Myriam Ben Salah, an independent curator and the editor of Kaleidoscope Magazine, is skeptical about the state of things. “Institutions remain, internally, quite chauvinistic,” she told Hyperallergic in an email interview. “I’m a young female North African curator, and although I’m based in Paris, all my main projects are happening outside of France. I worked for a cultural institution for seven years but felt that I had reached a glass ceiling and that recognition wouldn’t come from my country of adoption. France simply has no foreigners in high positions within art institutions. The system is still quite bureaucratic, a bit elitist and very centered on what we call the ‘entre soi’ [‘among themselves’].”

Ben Salah points out the continued lack of meaningful engagement with France’s post-colonial heritage. “I found it quite ironic that Macron claimed the need for culture and creativity to help fight extremism,” she explained. “Extremism in France is deeply rooted in its post-colonial history, with a fringe of the population being marginalized thus more inclined to joining ‘dark forces’. Maybe a first step would be for these populations to be reflected in French institutions and not mostly governed by elitist white, middle-aged men?”

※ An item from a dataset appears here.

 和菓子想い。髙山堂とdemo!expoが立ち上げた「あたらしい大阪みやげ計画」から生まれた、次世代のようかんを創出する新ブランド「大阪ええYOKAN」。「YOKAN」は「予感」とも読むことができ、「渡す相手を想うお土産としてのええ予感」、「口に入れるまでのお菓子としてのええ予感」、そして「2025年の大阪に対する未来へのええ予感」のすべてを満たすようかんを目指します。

As for one of Macron’s cultural proposals — to improve access to visas for artists — it could solve a pressing crisis in a world of problematic borders. “Revising the Visa system for artists is crucial,” explains Ben Salah. “I can tell you from firsthand experience that opportunities are determined by the color of your passport. The utopia of a borderless cultural world is only real until you face a refusal from an embassy because you are part of a ‘risky population.’” Time only will tell if Macron’s promises will translate into concrete actions, or the cabinet redesign will bear more of the same.

Shirine Saad is a Beirut-born journalist, programmer, and DJ focusing on culture and activism. She recently taught Arts Journalism and Criticism at Brown University, where she is the Founding Editor of...

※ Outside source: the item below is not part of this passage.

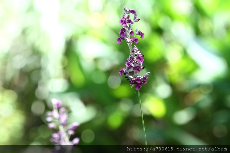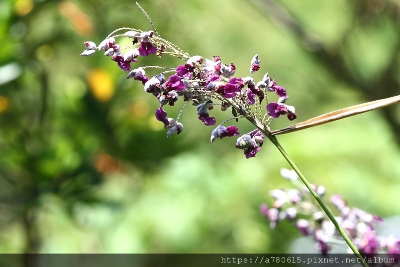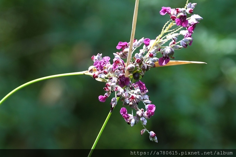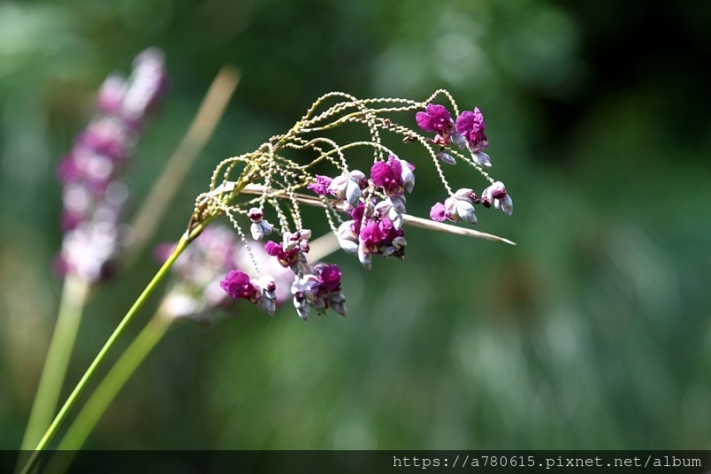 穗狀圓錐花序,花莖高達3m,細長彎垂,花瓣紫色有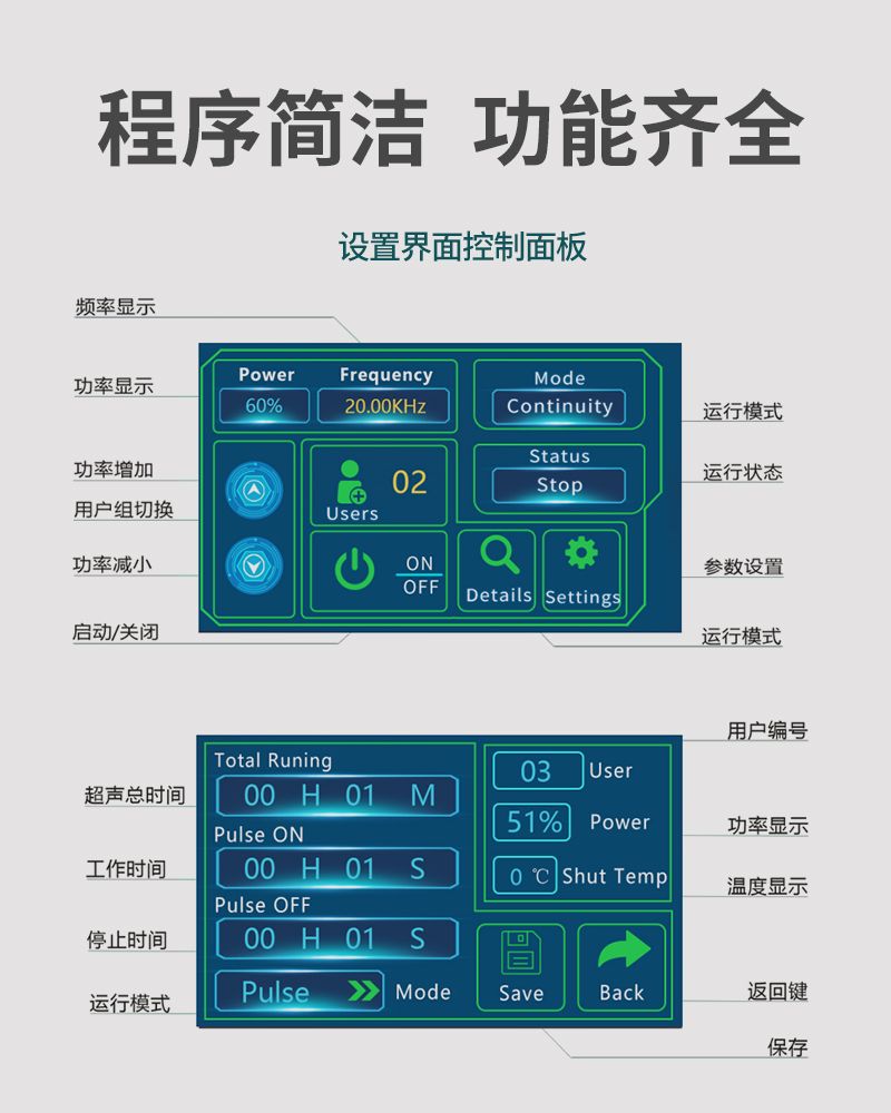■ 运行模式设定有三种:连续使用、脉冲、定时连续超声,满足多种材料处理。

5 replies on “Who is Franck Riester, France’s New Culture Minister?”

  1. Hi Hyperallergic, just signaling an error here: In 2011, former president François Mitterrand commissioned him to issue a report on musical creation in the digital era.
    Mitterrand is long time dead now, Hollande was the PR during that time.

    1. Thank you so much for your comment — Frédéric Mitterrand, Minister of Culture and Communication at the time commissioned the report. The article has been corrected.

  2. I’m feel ambiguous about the idea that people from a different cultural background get less chances in the cultural field, I myself am a “native” in “my” country(Belgium), and I find it difficult to become part of it myself. The way I feel is that you’re always welcome as a consumer of culture but the road to active participation in the institutions is oblique/opaque.

    Not that I want to dictate how anyone should perceive their personal struggle but if I where to blame my lack of integration in the art world on, for instance, the working class background of my parents, I would tie myself to that negative frame of reference and so enforce that narrative. No?

    Does the concept of these centers of artistic power still hold up in “our” utopian vision of de-centralized equality and interconnectedness?

  3. France is burning, call the minister of culture. Really, where the hell is this dept/minister of culture. DUH not working, waste of time, dumb idea, total fail!!!!